The compounds and methods described herein can be used prophylactically or therapeutically. The terms "prophylactic" or "therapeutic" treatment refer to administering drugs to a host before or after the onset of a disease or condition. Treatment is prophylactic, i.e., protects the host from developing the undesirable condition, when administered prior to clinical manifestation of the undesirable condition (e.g., disease or other undesirable condition in the host animal), while Treatment is therapeutic (ie, intended to alleviate, ameliorate, or maintain an existing undesirable condition or side effects therefrom) when administered after the development of the undesirable condition. Administration of the compounds described herein (including enantiomers and salts thereof) may be used as a prophylactic treatment (e.g., in patients at risk for disease, such as elderly patients at risk for arthritis, cancer, etc., due to advanced age). for patients) and therapeutic treatment (eg, for patients with symptoms of disease or diagnosed with disease).

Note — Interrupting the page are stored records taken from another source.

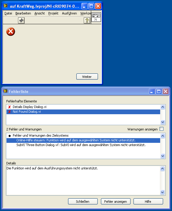 Gerade wieder was. Keine Ahnung, was mir LabVIEW bzw. die beiden Herren sagen wollen.
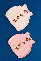 Introducing the Joa Baby & Kids Romper for Spring Summer '25. Crafted from super-soft merino wool, with a cream base and contrast hot pink/green hand-embroidered flowers.
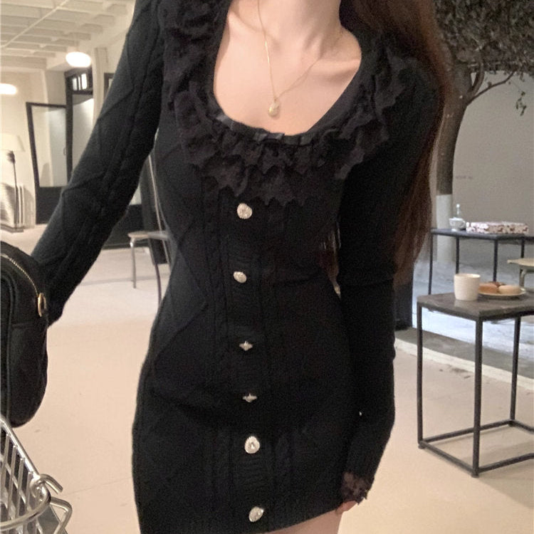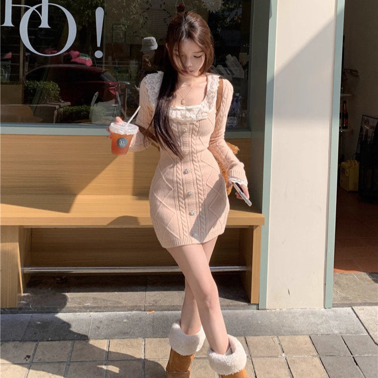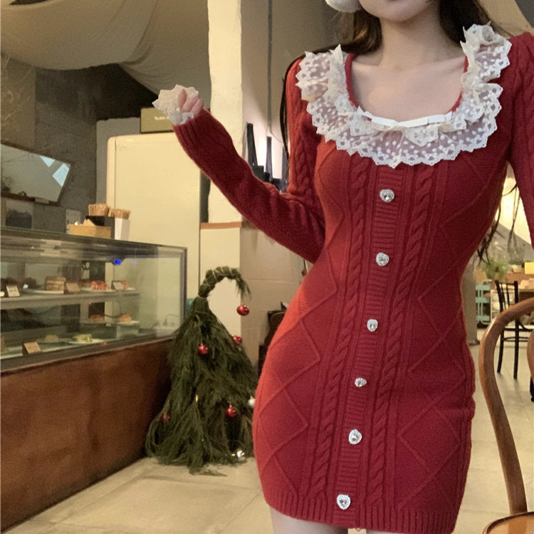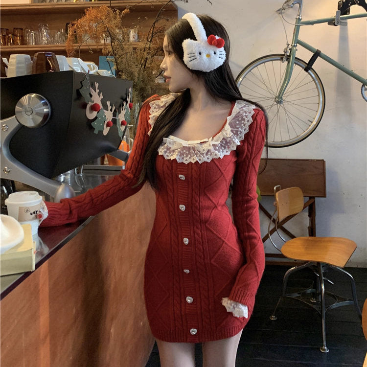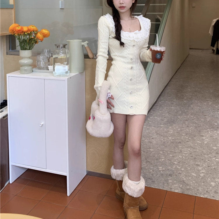 繊細なレースをあしらったガーリーなニットワンピース♡
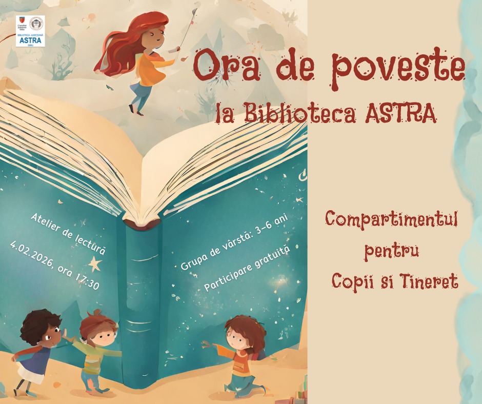 Biblioteca ASTRA Sibiu îi invită pe cei mai mici iubitori de lectură la o nouă ediție a îndrăgitului eveniment „Ora de poveste”, un prilej de bucurie, imaginație și descoperire a lumii fascinante a cărților.

As used herein, the term "therapeutically effective amount" refers to the disease being treated, in a tissue system, animal, or human, as sought by a researcher, veterinarian, physician, or other clinician. Or, refers to the amount of one or more compounds of various embodiments of the invention that elicits a biological or medical response, including alleviation of symptoms of a disorder. In some instances, a therapeutically effective amount is an amount that can treat or alleviate disease or disease symptoms at a reasonable benefit/risk ratio applicable to any medical treatment. It will be understood, however, that the total daily usage of the compounds and compositions described herein may be decided by the attending physician within the scope of sound medical judgment. A particular therapeutically effective dose level for any particular patient will depend on the condition being treated and the severity of the condition; the activity of the particular compound employed; the particular composition employed; the patient's age, weight, general health status, sex, and diet; time of administration, route of administration, and excretion rate of the particular compound used; duration of treatment; drugs used in combination or concurrently with the particular compound used; and researchers, veterinarians. will depend on a variety of factors, including similar factors known to the physician, physician, or other clinician. It is also understood that a therapeutically effective amount can be selected with reference to any toxicity or other undesirable side effects that may occur during administration of one or more compounds described herein.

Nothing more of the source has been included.